Les Fourberies de Scapin

Dossier : Arts, Lettres et SciencesMagazine N°537 Septembre 1998Rédacteur : Philippe OBLIN (46)

Les per­son­nes d’esprit se plaisent sou­vent à médire de la Comédie-Française. Il arrive que leurs plaintes soient fondées. C’est le cas en ce moment et on com­prend Mme Françoise Seign­er d’avoir quit­té cette com­pag­nie voici peu.

L’autre soir, attiré par la rumeur publique, j’allai à la salle Riche­lieu pour y voir jouer Les Fourberies de Scapin. Acte méri­toire car il n’est pas facile de louer ses places dans ce théâtre, où le télé­phone fonc­tionne mal – insuff­i­sance du nom­bre de lignes, m’a‑t-on expliqué – et le Mini­tel pas mieux.

La presta­tion de M. Philippe Tor­re­ton dans le rôle de Scapin est excel­lente. Son juvénile et dés­in­volte brio ne sauve cepen­dant pas le spec­ta­cle de la médi­ocrité résul­tant d’une affligeante mise en scène, signée de M. Jean-Louis Benoît.
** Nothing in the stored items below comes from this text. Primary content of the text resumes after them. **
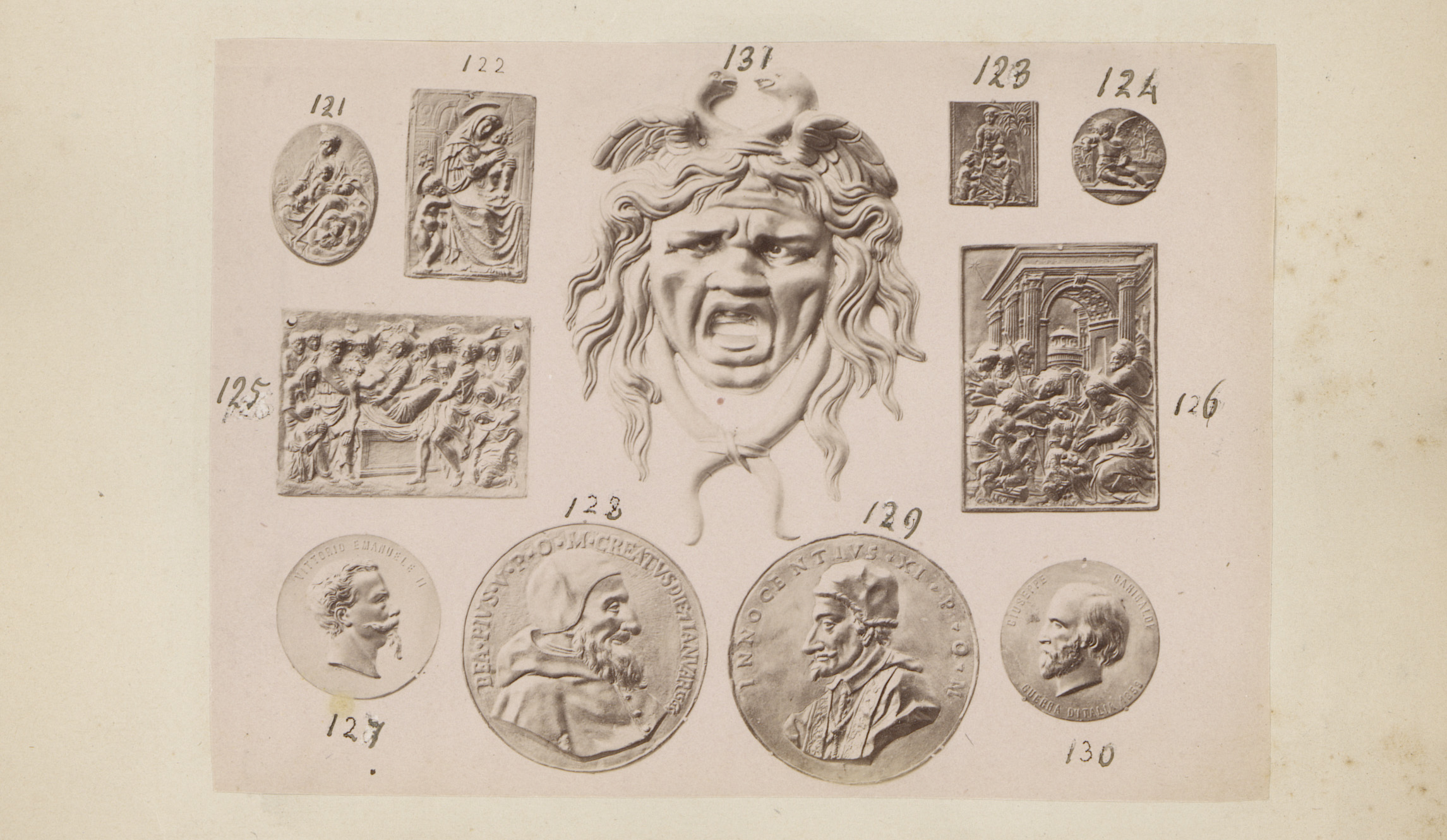 Metalen plaquettes en munten en een Medusakop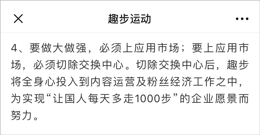 這樣的 App,說(shuō)白了就是靠拉人頭換錢啊。到底是怎么在 App Store 上架的?趣步的后臺(tái)這么硬的嗎?這個(gè)問(wèn)題終于在趣步的官方公眾號(hào)找到了答案。為了在 App Store 上架,他們把平臺(tái)原有的“交換中心”取消了。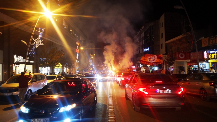Geçtiğimiz hafta Süper Lig'de şampiyonluğu garantileyen Galatasaray’ın bu akşam da ezeli rakibi Fenerbahçe’yi 3-0 mağlup etmesi Erzurum’da taraftarların sokağa dökülmesine neden oldu.

Les Fourberies sont une farce. Boileau s’en offusquait.

Soit ! Par­don­nons à son côté pédant quin­teux. Mais si le théâtre de tréteaux appelle le mou­ve­ment, ce n’est pas une rai­son pour con­train­dre les comé­di­ens à courailler à tra­vers le plateau en se jetant par terre toutes les qua­tre répliques. Exis­tent d’autres moyens de faire rire, moins pitoy­ables que ces niaiseries.

En out­re, il sem­ble que M. J.-L. Benoît ne sache pas lire, ou du moins respecter, un texte. La scène où Zer­bi­nette racon­te à Géronte l’histoire de la galère en se tor­dant de rire, con­for­mé­ment au texte ponc­tué de “ ha ha ”, est trans­for­mée. Zer­bi­nette la racon­te en tour­bil­lon­nant autour de Géronte, mais en riant à peine.

C’est seule­ment au début qu’elle rit, par terre, à plat ven­tre. Le rire aux éclats sur scène requiert la maîtrise d’une tech­nique res­pi­ra­toire dif­fi­cile, en tout cas incom­pat­i­ble avec le décu­bi­tus ven­tral. De sorte que la mal­heureuse Zer­bi­nette est con­trainte de se met­tre de travi­o­le pour lancer ses quelques éclats de rire. Cet effort lui passe apparem­ment le goût de continuer.

Autre infidél­ité : vous savez qu’à la fin, Scapin – apporté sur une civière – “ se met vive­ment en pied ”, selon la pro­pre indi­ca­tion scénique de Molière, puis, entouré de tous, dit :Et moi, qu’on me porte au bout de la table, en atten­dant que je meure.

M. J.-P. Benoît en a décidé autrement. Scapin n’est pas arrivé sur une civière mais debout, soutenu seule­ment. Pour ter­min­er, tous s’en vont dîn­er en gam­badant, le lais­sant seul.

Les lumières s’éteignent à demi, il défait son faux panse­ment tan­dis que la musique joue un air triste, puis il se dirige lente­ment vers la porte en mur­mu­rant sa dernière réplique.

C’est, de soi, bien venu. Ce final mélan­col­ique n’a, mal­heureuse­ment, rien à voir avec le texte et l’ultime phrase, dite par un homme seul, ne sig­ni­fie plus rien.

Peut-être après tout ne suis-je qu’un mal­con­tent de nature. Le pub­lic, en tout cas, applaud­is­sait beau­coup. Il faut se fier à l’audimat, n’est-ce pas.